▸ **DATA EXTRACTS**:

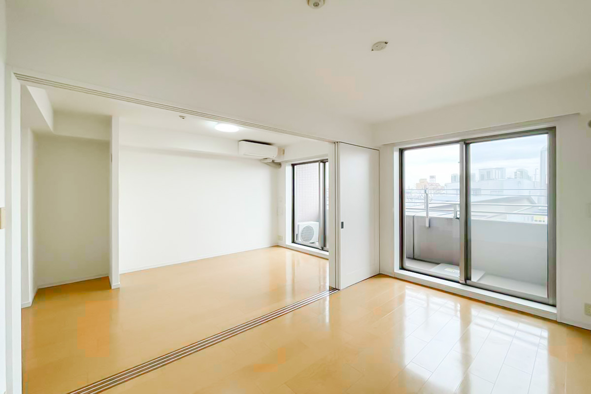 ワイドなバルコニーから光も取り込んでくれるので、広々ワンルーム使いがおすすめです◎
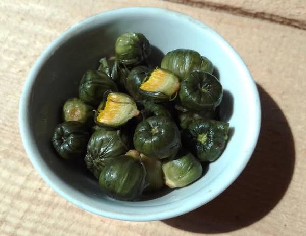 Також готує Олена і кульбабові каперси – “це, несподівано, дуже смачно й хрумко. Склянка бутонів молодої кульбаби, ложка солі, вода. Залишити на тиждень в банці. Збирати на етапі, коли бутони тільки з’явились у розетці, а стебло іще не виросло”
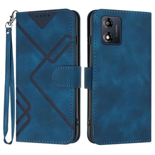Funda de Cuero para Motorola Moto E13 con Textura Line Pattern para Teléfono (Azul Real)
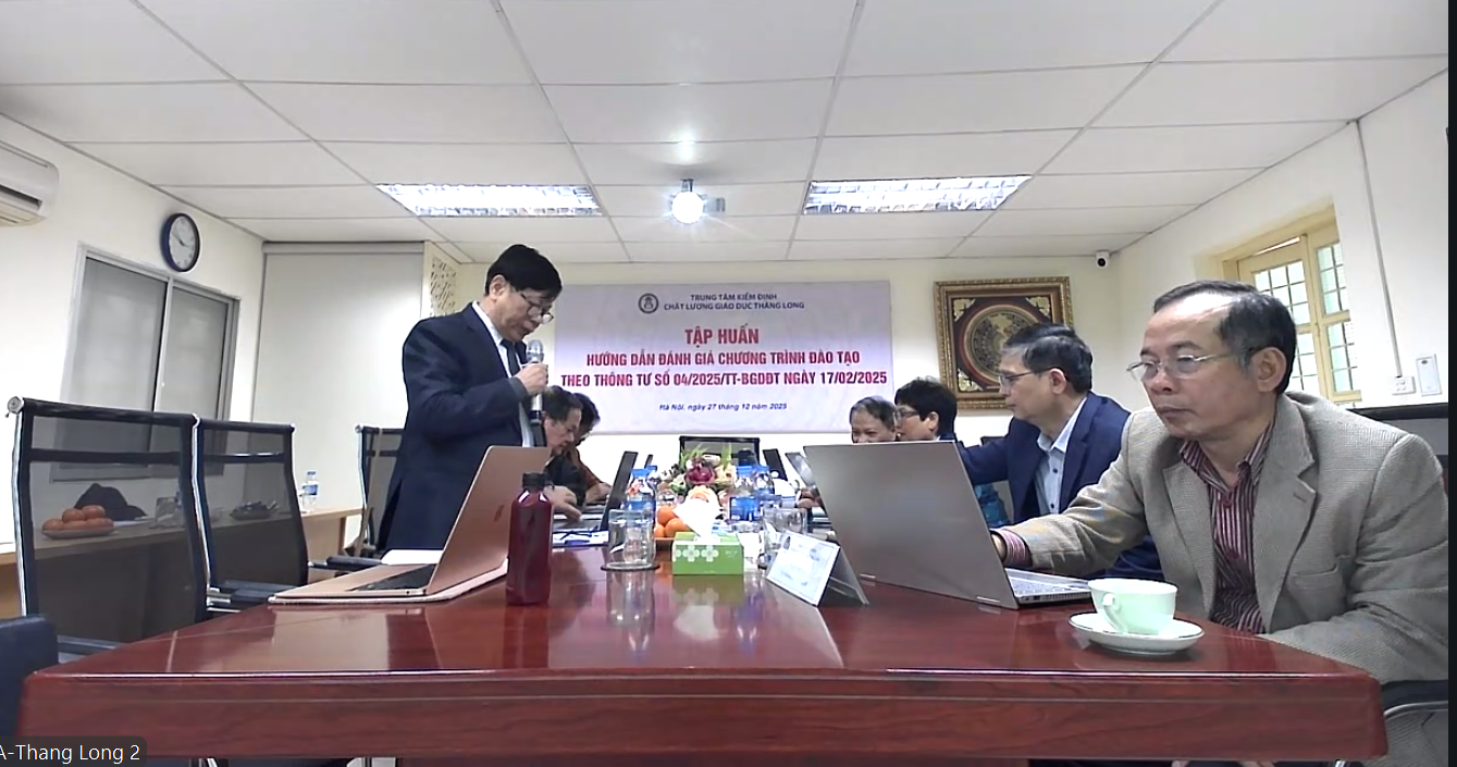 Tiếp đến, TS. Nguyễn Văn Đường – Giám đốc Trung tâm Kiểm định chất lượng giáo dục Thăng Long đã giới thiệu khái quát Tài liệu hướng dẫn đánh giá theo bộ tiêu chuẩn kiểm định chất lượng chương trình đào tạo các trình độ của giáo dục đại học ban hành kèm theo Thông tư số 04/2025/TT-BGDĐT.
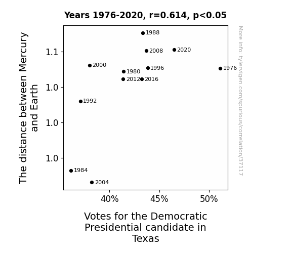 This means 37.6% of the change in the one variable (i.e., Votes for the Democratic Presidential candidate in Texas) is predictable based on the change in the other (i.e., The distance between Mercury and Earth) over the 12 years from 1976 through 2020.
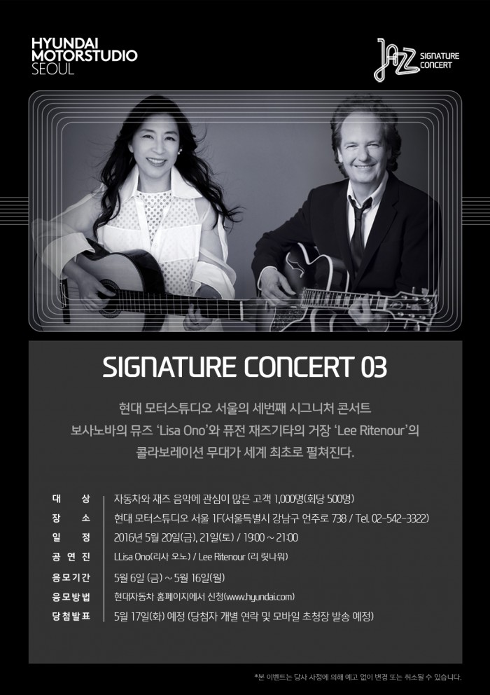 (서울=포커스뉴스) 현대자동차는 오는 20일부터 21일 서울 강남구의 브랜드 체험관 현대 모터스튜디오 서울에서 세 번째 시그니처 콘서트 ’리사 오노 &리 릿나워(Lisa Ono & Lee Ritenour)’를 개최한다고 6일 밝혔다.
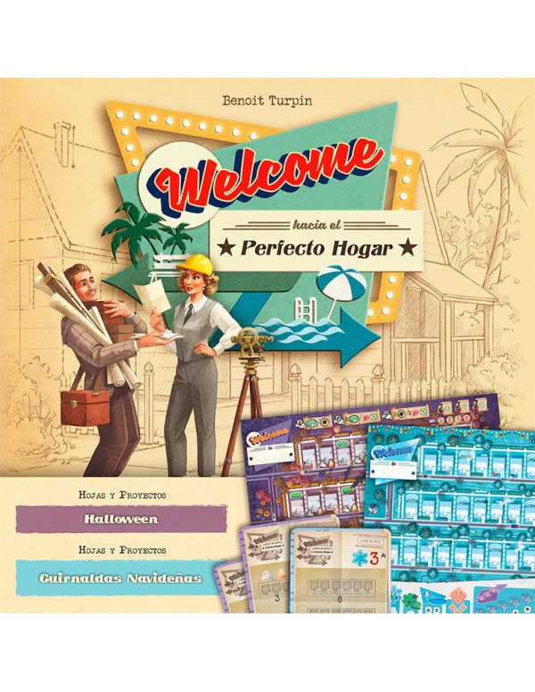 En Welcome los jugadores son arquitectos americanos en la década de los 50, durante pleno "Baby Boom" compitiendo para ver quién de ellos será el que ejecute mejor los proyectos de la Ciudad creando las parcelas más bonitas en las tres calles que se le han asignado, con sus lujosos parques y piscinas. Con este bloc de 100 hojas de expansión (50+50) podrás experimentar nuevas opciones de juego del popular Welcome y así darle más variabilidad aun al juego.
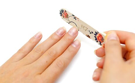 Cut and shape your nails. It's important to have all your nails relatively the same shape and size. You can have either square, oval, rounded, stiletto, almond, or even lipstick shaped nails. Try going off of your current nail shape or whatever works best for your everyday routine. For example, if you are constantly typing, you may want to avoid a long, stiletto nail as it can make using a keyboard difficult. Once you cut the nail down with clippers or nail scissors, use a nail file to shape and smooth the edges. Slide the file in one direction across the top of your nail. Moving the file back and forth in a sawing motion could damage your nail. Keep the length close to your regular length as well. Working with longer nails can be difficult to adjust to if you don't usually have them.
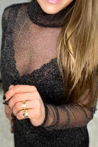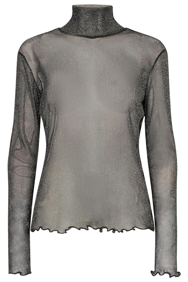 Blus med hög halsringning i mesh | Svart lurex
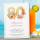 80th birthday party invitation with gold number 80 decorated with pretty flowers. Feminine and elegant design with watercolor floral arrangements in shades of pink yellow orange and purple. Perfect for 80th birthday celebration, spring or summer birthday lunch, garden tea party etc.
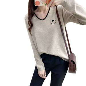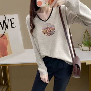 设计感V领撞色长袖T恤女春秋季新款米灰色打底衫宽松新品上衣
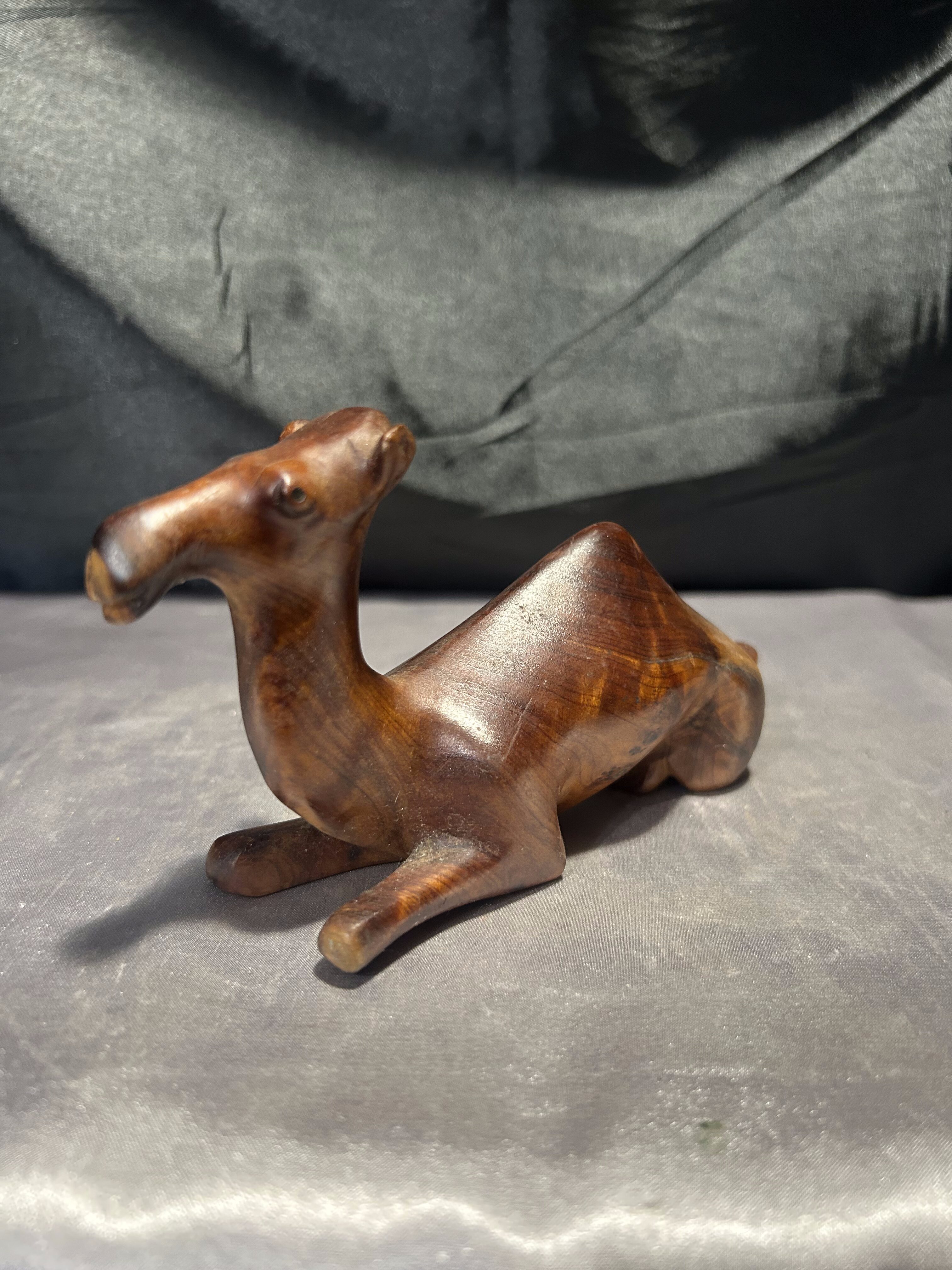 Drewniana figurka wielbłąda – siedząca pozycja – ręcznie rzeźbiona
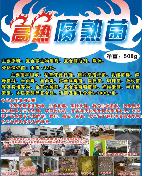 “豬糞專用高溫菌發(fā)酵劑”1包市場價(jià)格15元,可以發(fā)酵3噸豬糞,7-10天發(fā)酵成為,比自然發(fā)酵速度快5-10倍,且發(fā)酵過程中臭味氨氣少。
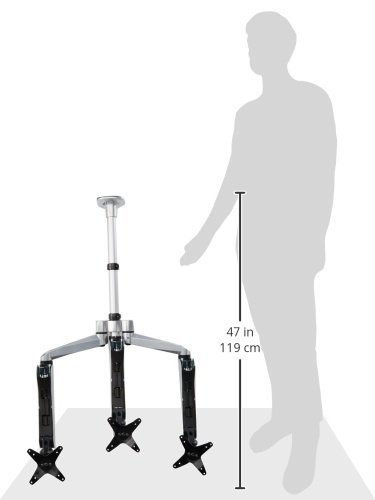 - Fits up to three 19-Inch monitors straight in a row or three 28-Inch monitors if one positioned on top of two; Weight Capacity: Supports 19.8lbs (9kgs) for each monitor; Solid Aluminum die-cast construction
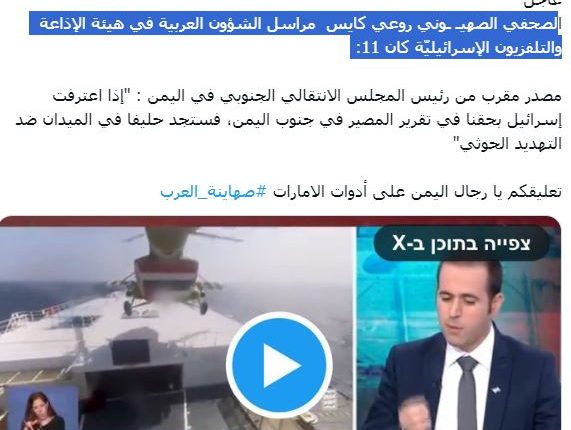 وأشار الصحفي الإسرائيلي إيدي كوهين إلى رهان بلاده على بديل الإنتقالي طارق صالح، قائد الفصائل الموالية للإمارات بالساحل الغربي.
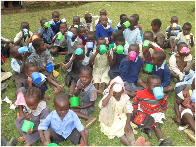 School children having something to drink at lunchtime.
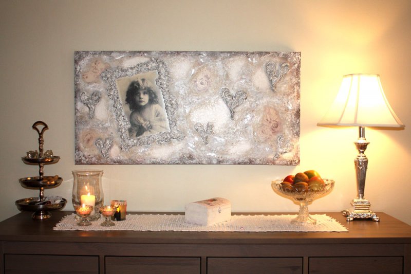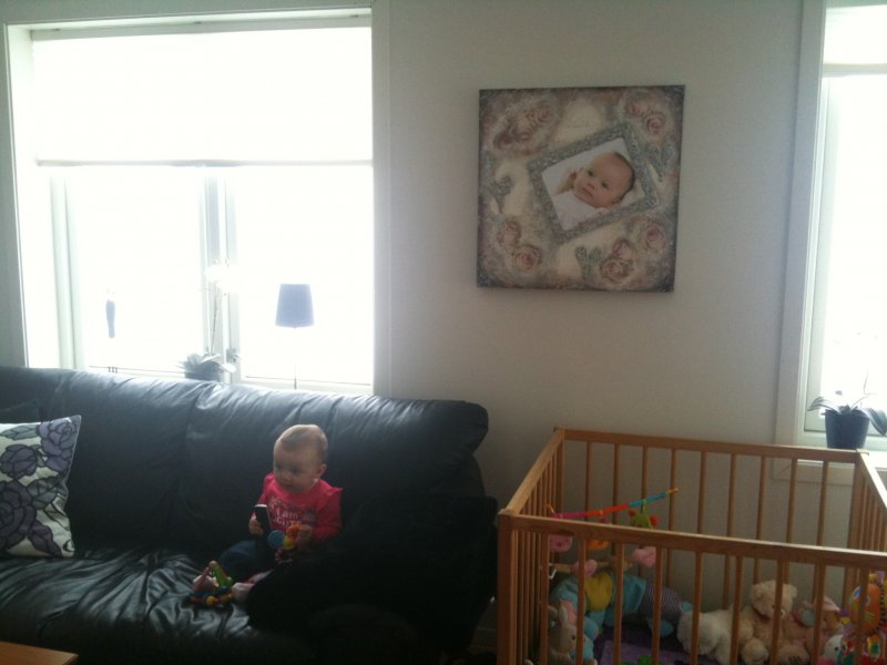 Maleriet på veggen er malt på bestilling, med foto av [...]datteren montert på lerretet. Dette er en variant av de personlige maleriene jeg lager :-)Les mer..↑ |  |

▸ **TASK PROMPT**: What is needed is a verbatim copy of the lines from the line with "Drewniana figurka wielbłąda" through the last line of the listing, pictures excluded.

▸ **FINISHED EXERCISE**:
 Drewniana figurka wielbłąda – siedząca pozycja – ręcznie rzeźbiona
 “豬糞專用高溫菌發(fā)酵劑”1包市場價(jià)格15元,可以發(fā)酵3噸豬糞,7-10天發(fā)酵成為,比自然發(fā)酵速度快5-10倍,且發(fā)酵過程中臭味氨氣少。
 - Fits up to three 19-Inch monitors straight in a row or three 28-Inch monitors if one positioned on top of two; Weight Capacity: Supports 19.8lbs (9kgs) for each monitor; Solid Aluminum die-cast construction
 وأشار الصحفي الإسرائيلي إيدي كوهين إلى رهان بلاده على بديل الإنتقالي طارق صالح، قائد الفصائل الموالية للإمارات بالساحل الغربي.
 School children having something to drink at lunchtime.
 Maleriet på veggen er malt på bestilling, med foto av [...]datteren montert på lerretet. Dette er en variant av de personlige maleriene jeg lager :-)Les mer..↑ |  |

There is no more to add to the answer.